● **Task objective**
With the pictures left out, transcribe exactly the lines from the one with "Colocamos a ricota" through the end of the data.

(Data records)

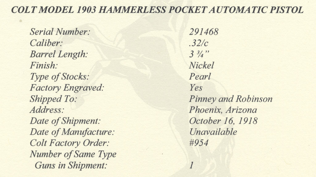 Colt Model 1903 Pocket Hammerless .32 ACP serial number 291468 - factory letter indicating that pistol was engraved, nickel plated with recessed medallion mother of pearl stocks. Pistol was a one gun shipment to Pinney and Robinson, Phoenix, Arizona on October 16, 1918. Shipment was processed on Colt Factory Order Number 954.
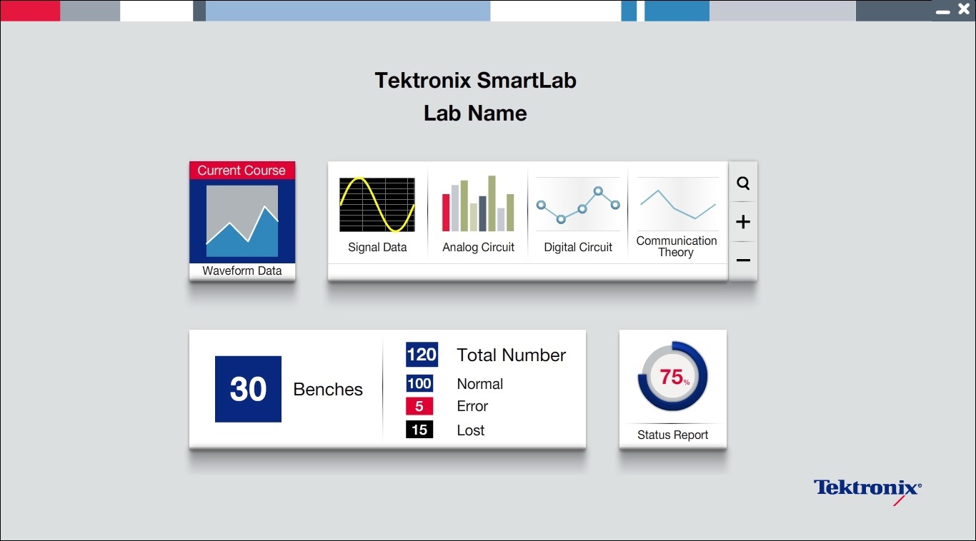 在實(shí)驗(yàn)室服務(wù)器上運(yùn)行的TekSmartLabTM可快速進(jìn)行設(shè)置快速,無需任何LAN電纜或特定儀器配置。教師可從中心儀表板加載與其課程要求有關(guān)的儀器配置,然后只需點(diǎn)擊鼠標(biāo)即可將這些配置分發(fā)到多達(dá)120個(gè)儀器。教師還能輕松檢查儀器狀態(tài)和測(cè)量?jī)?nèi)容,遠(yuǎn)程幫助特定試驗(yàn)臺(tái),以及將學(xué)生的測(cè)量結(jié)果保存到報(bào)告。
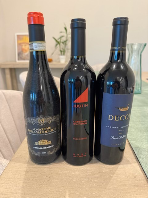 • 3 Bottles of Wine: Amarone Della Valpolicella, Justin Cabernet Sauvignon, Decoy Cabernet Sauvignon
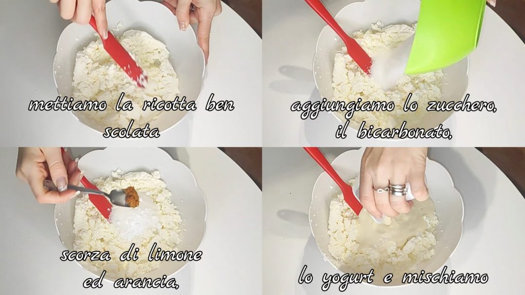 Colocamos a ricota bem escorrida, o açúcar, o bicarbonato, raspas de limão e laranja, o iogurte e misturamos.
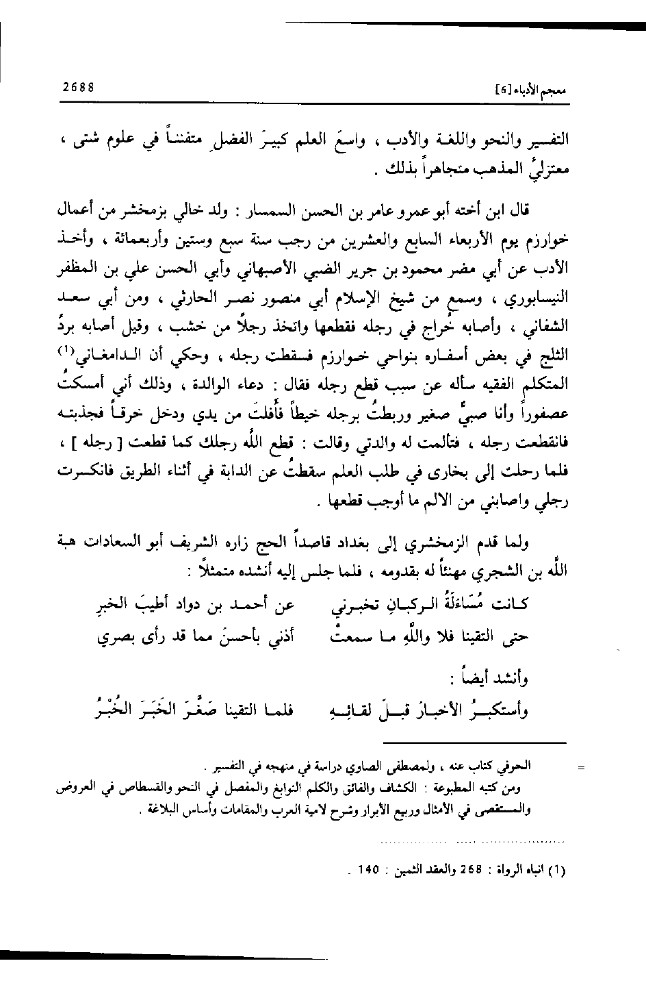 ولما قدم الزمخشري إلى بغداد قاصدا الحج زاره الشريف أبو السعادات هبة الله بن الشجري مهنئا له بقدومه، فلما جلس إليه أنشده متمثلا:

● **Problem solution**
 Colocamos a ricota bem escorrida, o açúcar, o bicarbonato, raspas de limão e laranja, o iogurte e misturamos.
 ولما قدم الزمخشري إلى بغداد قاصدا الحج زاره الشريف أبو السعادات هبة الله بن الشجري مهنئا له بقدومه، فلما جلس إليه أنشده متمثلا:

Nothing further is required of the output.